## Listed entries
· · · · · · ·

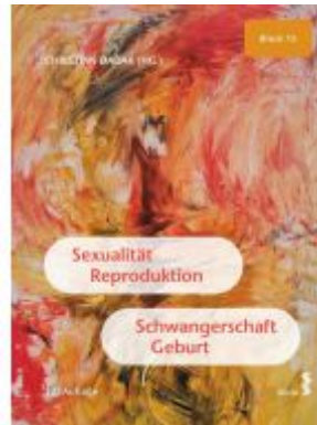
Sexualität, Reproduktion, Schwangerschaft, Geburt Ladenpreis: 29,50EUR
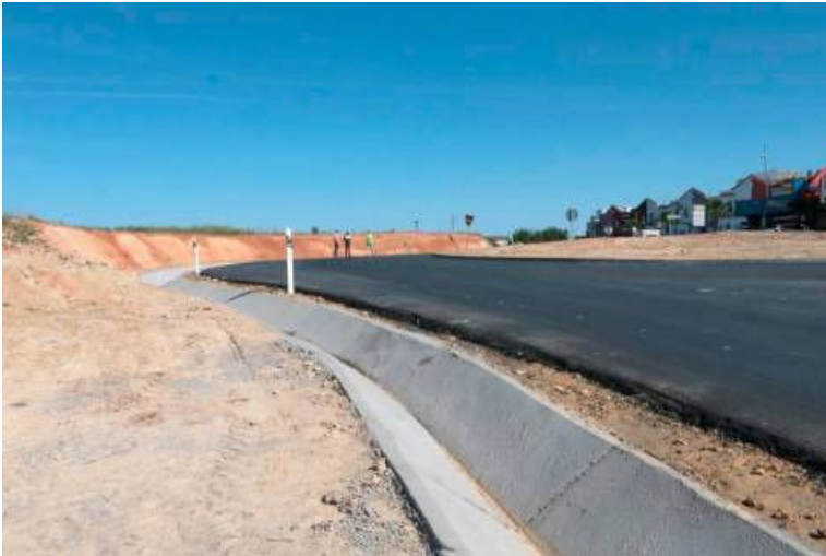
Obras de ensanche de la carretera de acceso a Pilas desde la A-49.
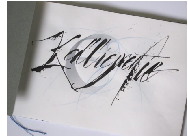
Kalligraphie mit Feder, Brushpen und Fineliner
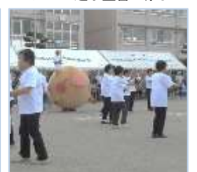
↑「ころとん」は、老人クラブ女性部の皆さんによるオリンピックをテーマにした踊りに登場
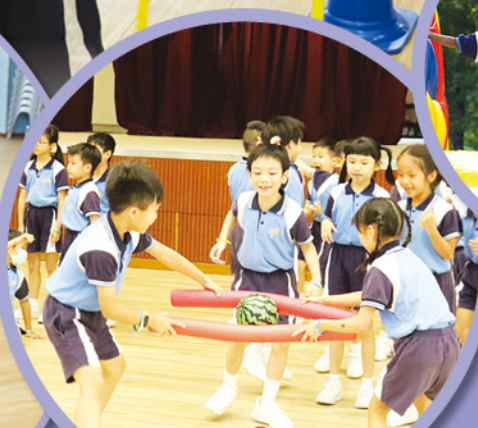
小一小二歷奇活動：小心搬運。
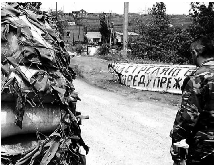
В Чечне блокпосты стали неотъемлемой частью жизни людей во время войны, а также после ее окончания.

Лязгнула дверца Урала. Шаги в нашу сторону. Густоту ночи разорвал. Порвал на куски мороз звезд звонкий, практически детский голос. Слова, учитывающая ситуацию, абсурдные и неуместные: «Стой! Стрелять буду!».

· · · · · · ·

## Required work
Word for word, restate the lines from the first line of the material through the line containing "В Чечне блокпосты", with the pictures left out.

## Written response
Sexualität, Reproduktion, Schwangerschaft, Geburt Ladenpreis: 29,50EUR
Obras de ensanche de la carretera de acceso a Pilas desde la A-49.
Kalligraphie mit Feder, Brushpen und Fineliner
↑「ころとん」は、老人クラブ女性部の皆さんによるオリンピックをテーマにした踊りに登場
小一小二歷奇活動：小心搬運。
В Чечне блокпосты стали неотъемлемой частью жизни людей во время войны, а также после ее окончания.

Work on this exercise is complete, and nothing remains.